In 2002, Fairmont Hotels Inc. was assisting with the financing for the purchase of two American hotels by an affiliated Canadian trust. Fairmont decided to do so by participating in the following financing arrangement, which protected the parties from fluctuations in U.S./Canadian dollar exchange rate:

  • Fairmont had two of its subsidiaries (the Subsidiaries) make U.S. dollar loans to the trust;
  • In return, the trust loaned the same amount in U.S. dollars back to Fairmont; and
  • Fairmont obtained preferred shares in the subsidiaries that were redeemable for the loan amount in U.S. dollars. (collectively, the Reciprocal Loans)

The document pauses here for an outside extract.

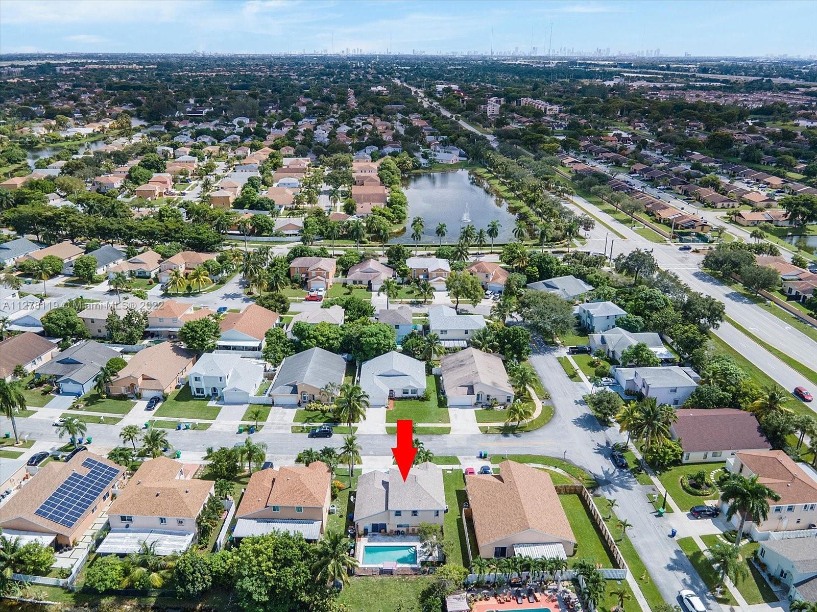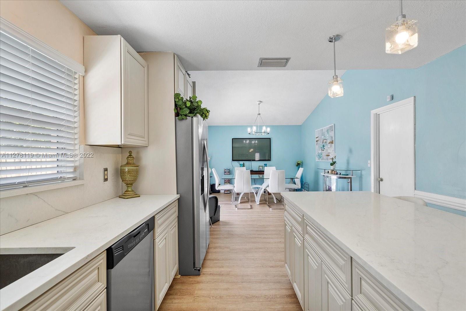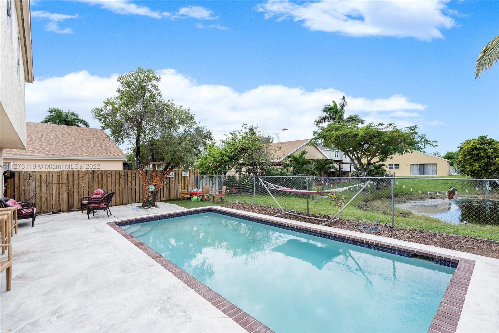 This 4 bedroom / 2.5 baths / 2 car garage with a magnificent pool is ready for you to move in! The large updated kitchen is open to the family room and has quartz counters, wood cabinets, and spacious island. Other updates include tile and laminate flooring and freshly painted rooms. You will surely be able to entertain or just relax in the quiet backyard with a large inground pool and a view of the lake. This sought after community of River Run is convenient to shops, schools, parks, close to major highways, City Hall, and minutes to the beach, Hard Rock hotel and stadium!

In 2006, a company purchased Fairmont. This "acquisition of control" triggered deemed foreign exchange losses for Fairmont and its Subsidiaries arising from the Reciprocal Loans. Fairmont and its Subsidiaries had always intended to avoid any net foreign exchange gains or losses related to the Reciprocal Loans, so the companies needed a tax plan to address the problem.

Fairmont's tax advisors initially proposed a plan that would allow Fairmont and its Subsidiaries to continue hedging their foreign exchange exposure and later redeem the preferred shares in the Subsidiaries without taxable foreign exchange gains (the Original Plan). The parties eventually abandoned the Original Plan at the request of the purchaser, which was concerned about another potential tax issue. Instead, the parties adopted a modified plan, which caused Fairmont's foreign exchange exposure to remain fully hedged, but deprived the Subsidiaries of being able to carry forward their deemed foreign exchange losses to offset later taxable gains.

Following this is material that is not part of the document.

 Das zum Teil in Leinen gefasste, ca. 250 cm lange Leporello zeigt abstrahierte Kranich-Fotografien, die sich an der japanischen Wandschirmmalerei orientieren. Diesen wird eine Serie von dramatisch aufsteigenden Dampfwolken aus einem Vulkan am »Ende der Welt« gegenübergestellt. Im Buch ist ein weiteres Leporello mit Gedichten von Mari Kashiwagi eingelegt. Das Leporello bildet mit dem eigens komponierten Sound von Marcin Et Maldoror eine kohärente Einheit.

In 2007, Fairmont wished to unwind the Reciprocal Loans to enable a quick sale of the two hotels. Fairmont's vice-president of tax mistakenly believed that the parties had followed the Original Plan. As a result, Fairmont unwound the Reciprocal Loans by redeeming the preferred shares in the Subsidiaries. The parties believed that they would not incur taxable foreign exchange gains by doing so.

A Canada Revenue Agency audit revealed the mistaken belief, and resulted in an unexpected tax liability. Fairmont applied to the court (ultimately the case was appealed to the SCC) to rectify the directors' resolutions redeeming the preferred shares: Fairmont asked to change the share redemptions to loans, which would not have triggered taxable foreign exchange gains.

Rectification: only for improper recording of contract, not unintended consequences

The SCC explained that while rectification "allows courts to rewrite what the parties had originally intended to be the final expression of their agreement", doing so has the potential to undermine commercial faith in written agreements. As a result, courts should rectify sparingly. They should rectify only when a written instrument does not reflect the parties' true agreement—not when hindsight shows the parties should have agreed to something else. Rectification is not available to correct parties' mistakes in achieving undeveloped intentions, only to capture terms that they agreed upon.

To obtain rectification, the parties need to prove that it is more likely than not that they made a mistake in recording the agreed terms in the legal instrument. This is the normal standard of proof in civil litigation. Still, parties will struggle to prove that they agreed to one thing, but signed a written contract stating something else.

Applying these principles, the SCC held that Fairmont and its Subsidiaries did not reach "a prior agreement with definite and ascertainable terms". While the parties intended to limit or avoid tax liability in unwinding the Reciprocal Loans, the Original Plan in 2006 was "not only imprecise: it was really no plan at all, being at best an inchoate wish to protect, by unspecified means,[the parties] from foreign exchange tax liability." As a result, the Court would not rectify the directors' resolutions to change the share redemptions to loans—Fairmont and its Subsidiaries could not use rectification for retroactive tax planning.

The content of this article is intended to provide a general guide to the subject matter. Specialist advice should be sought about your specific circumstances.